The opening is extraordinary. After a long shot of the most pestilent-looking blue velvet imaginable (a pulsing, crushed velvet), Bobby Vinton’s sappy ballad pours onto the soundtrack and accompanies an intensely colored shot of red flowers against a white picket fence and a blue sky ­— a red-white-and-blue vision whose saturated ’50s hues announce, in a sense, Lynch’s whole approach: Everything is slightly off — don’t trust it. The subsequent images (a fireman waving mechanically, kids at a crosswalk, a trim white house) reinforce a cockeyed picture of Americana, one that soon cracks apart. For inside the white house, two women watch a TV program where a man is holding a gun; outside, a man watering his lawn clutches his neck, as if stung or shot.
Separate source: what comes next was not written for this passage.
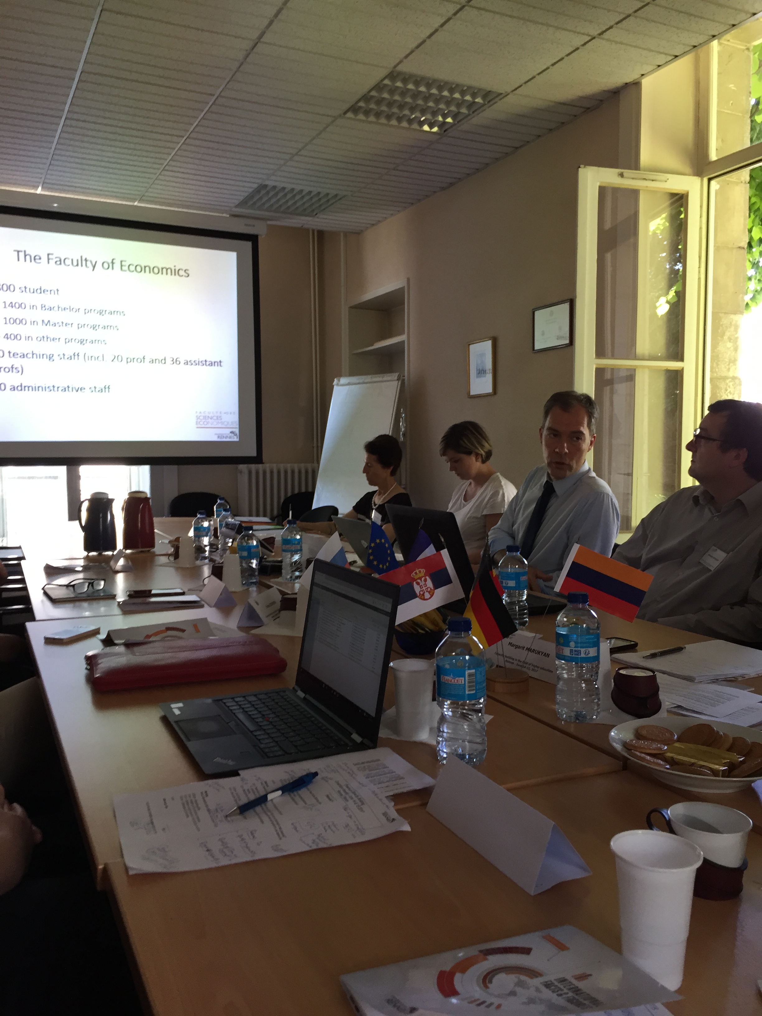 The participants of the meeting were the University of Rennes 1 (France), the University of Trier and the University of Flensburg (Germany), the Armenian State Economic University and the Russian-Armenian University (Armenia), the University of Namur (Belgium), Lobachevsky State University of Nizhny Novgorod, Ural State University of Economics (Russia), the University of Belgrade, and the University of Novi Sad (Serbia).

He falls to the ground, his (obviously) phallic hose shooting into the air, a little boy watches the toppled figure (his father?), and the camera tracks down deep into the grass where strange, ugly beetles climb all over each other to the highly amplified sound of their grinding, clicking roar. End of sequence. From apple-pie order to insect madness in a little over a minute.
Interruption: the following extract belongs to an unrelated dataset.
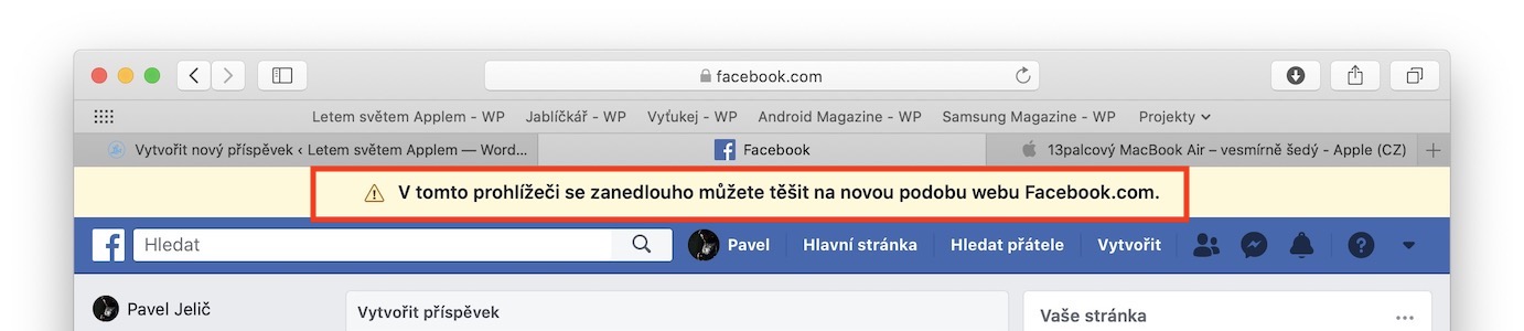 Tak jako tak byste si ale na novou verzi měli začít zvykat, jelikož ji Facebook během několika dalších měsíců nasadí natvrdo, a to bez možnosti vrátit se zpět. Tím, že na svém profilu v Google Chrome aktivujete nový vzhled, tak si zaručíte, že v den, kdy bude vzhled k dispozici také pro Safari, dojde zde k jeho automatické aktivaci. Když se totiž přesunete z Google Chrome zpět do Safari, tak se v horní části obrazovky zobrazí upozornění: V tomto prohlížeči se zanedlouho můžete těšit na novou podobu webu Facebook.com. Uživatelům Safari tedy v tomto případě nezbývá nic jiného, než vyčkat, anebo na malou chvíli začít používat Google Chrome. Doufejme, že vzhled Facebooku zůstane čistý a především poté plynulý i po dobu dalších let.

The stricken man turns out to be the father of Jeffrey Beaumont (Kyle MacLachlan), an eager young man whose boyish good looks come shaded with neurosis. (Interestingly enough, Jeffrey’s dark coat and fastened top shirt button recall Lynch himself.) Called back home from college to literally “mind the store” while Dad recuperates, he wanders around Lumberton, an archetypically timeless small town with a Central High, a Lincoln Street, and a radio station (WOOD) breezing out the usual corn-fed pleasantries (“At the sound of the falling tree” — crash — “the time will be . . .”). At first, Jeffrey seems oppressed by his father’s machine-bound silence in the hospital, yet as any psychoanalyst could tell you, the disappearance of the father is also a liberation — here, one that yields dangerous fruits almost immediately.